Чтобы такая первая простота христианства открылась, должно было случиться многое. Должна была произойти историческая катастрофа. Христианская традиция была изъята из «порядка вещей», которому она, по всей видимости, принадлежала в Европе полтора тысячелетия — так, что это внушало мысль о «христианских корнях Европы», надежных, прочных корнях[190], о бесперебойном наследовании веры от отцов к детям. И вот полтора тысячелетия благополучного существования церквей в «христианском мире», в среде «христианских народов» и «христианских государств» подошли к концу, и конец оказался скандален. Начало этого конца, вероятно, — антицерковная битва Французской революции, следы которой мы можем и теперь наблюдать: в виде изувеченных и разбитых статуй, в хрониках уничтоженных монастырей… Впервые после крещения народов церковь оказалась гонимой «своими», наследниками и воспитанниками той же традиции, причем с пафосом своего рода религиозным. «Свои» (а в России это гонение далеко превзошло французский размах) оказались беспощаднее язычников римских времен. По предварительным подсчетам (данные Комиссии по канонизации российских новомучеников), число уничтоженных в СССР по религиозным статьям с 1918 по 1939 Г°Д составило около миллиона человек. Это значит, что число тех, кто прямо или косвенно участвовал на стороне гонителей, было значительно больше.

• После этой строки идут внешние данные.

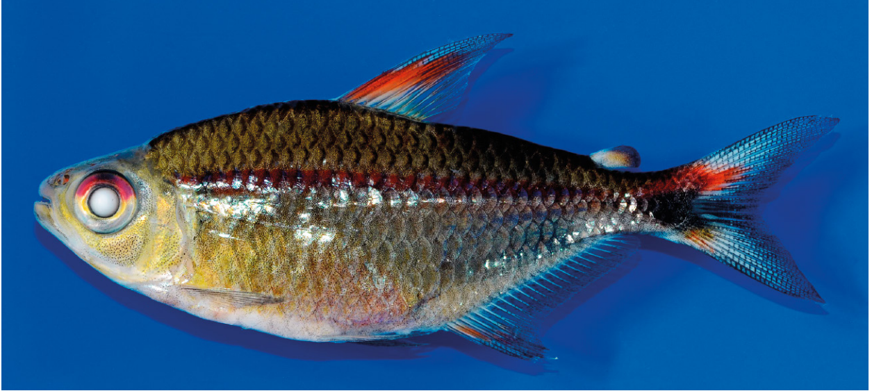
Abb. 1. Hemigrammus rubrostriatus spec. nov., MTD F 33435, Holotypus, 48,6 mm SL, Seitenansicht.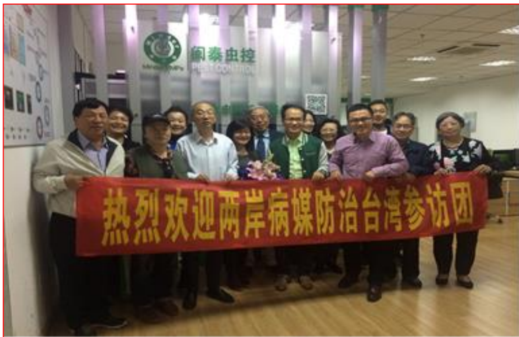
參訪中國蟲害管理聯盟交流會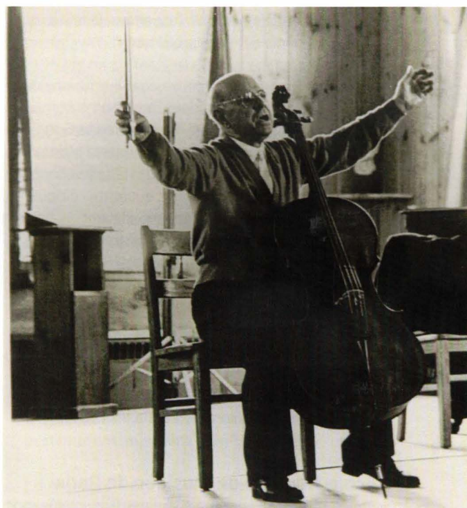
Pau Casals dirigeix una classe magistral a Marlboro (Estats Units)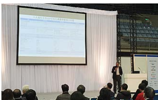
アジア・太平洋エコビジネスフォーラムの様子

2月1日～2日にかけて、川崎市は、「 川崎国際環境技術展 2018 」と「 第 14 回アジア・太平洋エコビジネスフォーラム 」を開催しました。川崎国際環境技術展は、国内外の環境問題に即応する環境技術から地球環境問題を解決する最先端の環境技術まで幅広く展示を行い、ビジネスマッチングの場を提供するものです。アジア・太平洋エコビジネスフォーラムは、川崎市が取り組んできた工業化による環境汚染のコントロール技術とノウハウを国内外に紹介し、技術移転による国際貢献を図ることを目的とするものです。IGES は技術展に出展するとともに、フォーラムでは国を超えて廃棄物の管理・統制を含む SDGs の推進を支援する IGES の取組み等を紹介しました。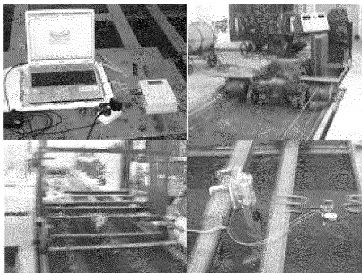
Рисунок 1 – Рабочая тележка с образцом сошника и измерительным оборудованием

Фиксирование сигналов, поступающих от датчика, реализуется с помощью специальной программы SuperTermV2.21 с частотой дискретизации 100 ms. Математическая обработка результатов измерений [9] и их графическое представление осуществляется с использованием программного обеспечения Microsoft Excel и MathCAD (рис. 2).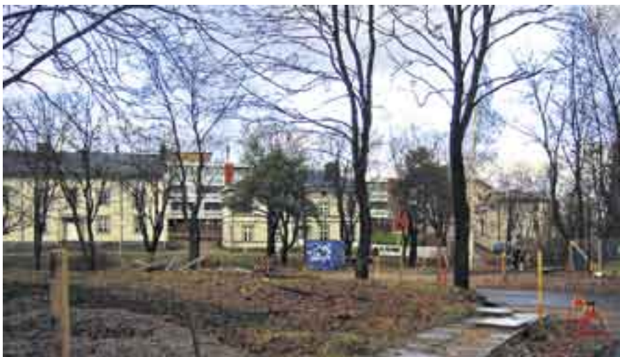
Vanha ja uusi kohtaavat. Hermannin historiallisesta laitakaupungista on jäljellä vie- lä muutaman vanha puutalo.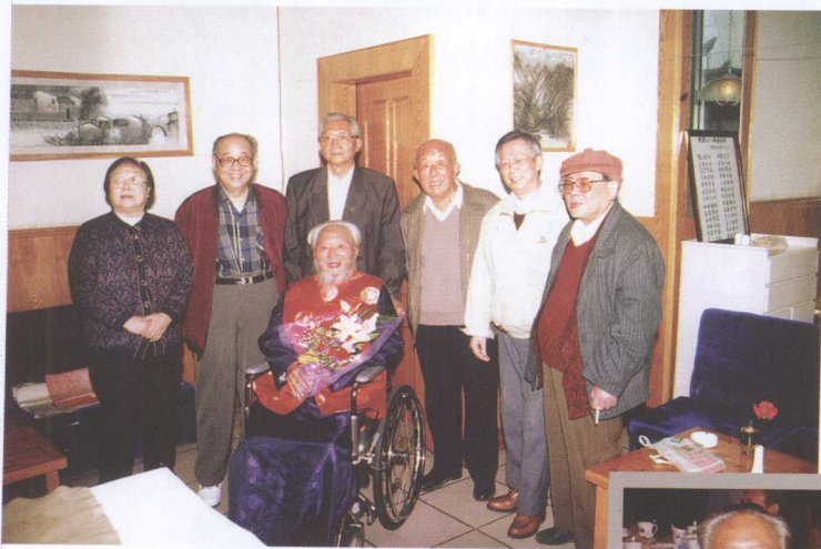
1998年元月一日，登科夫妻在深圳“青青世界”沐浴新年第一缕阳光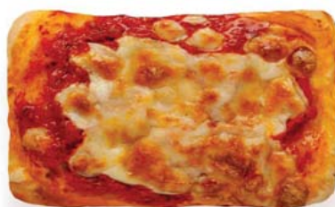
Cod. 8324 Pizza margherita monoporzione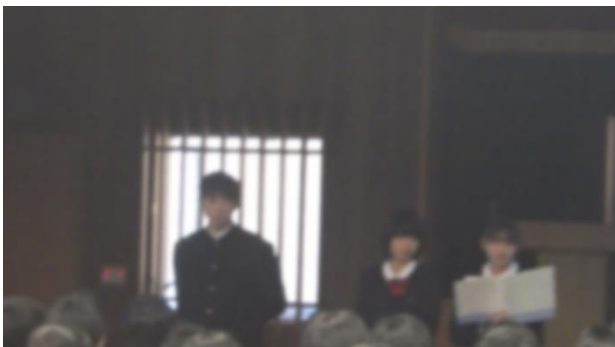
2年A 香美市の英語力向上に向けて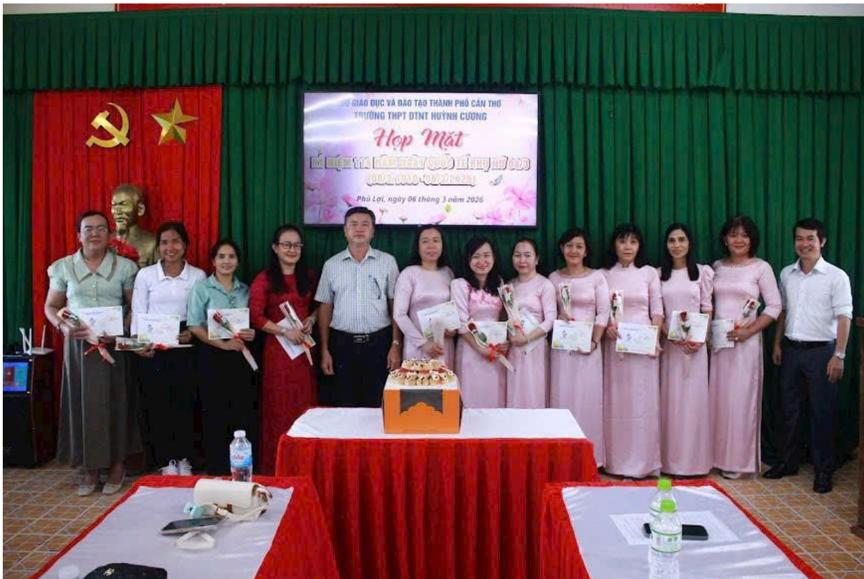
Hình ảnh cán bộ, giáo viên, nhân viên nữ nhận hoa và quà của Ban Giám hiệu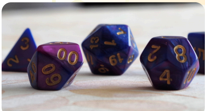
Títol: Sort platònica Autor: Jofre Reche (1r cicle ESO)

Бонхеффер, как позднее Папа Иоанн Павел II, как многие гонимые священники и епископы Русской Православной Церкви (сошлюсь хотя бы на о. Сергия Савельева), как Вселенский Патриарх Афинагор[191], хотел видеть ответственность самой церкви за все происшедшее. В конечном анализе, он видел ее в том, что «церковь, боровшаяся только за свое самосохранение (как будто она и есть самоцель), не в состоянии быть носительницей исцеляющего и спасительного слова для людей и мира»[192]. Таков же диагноз и названных выше свидетелей XX века. Другой образ Церкви, ушедший в давнее предание, описанный «учеником апостольским», является как актуальная реальность: «Христиане не различаются от прочих людей ни страною, ни языком, ни житейскими обычаями…Но обитая в эллинских и варварских городах, где кому досталось, и следуя обычаям тех жителей в одежде, в пище и во всем прочем, они представляют удивительный и поистине невероятный образ жизни». Дальше апологет описывает этот невероятный образ жизни, в который входит, например, такое: «их оскорбляют, а они воздают почтением; они делают добро, но их наказывают, как злодеев; будучи наказываемы, радуются, как будто им давали жизнь». И заключает: «Словом сказать: что в теле душа, то в мире христиане…Душа заключена в теле, но сама содержит тело…»[193]К такой душе мира принадлежал Бонхеффер и его друзья, мать Мария (Скобцова) и ее соратники… Все, кто не согласился погубить душу — свою, и, значит, душу мира.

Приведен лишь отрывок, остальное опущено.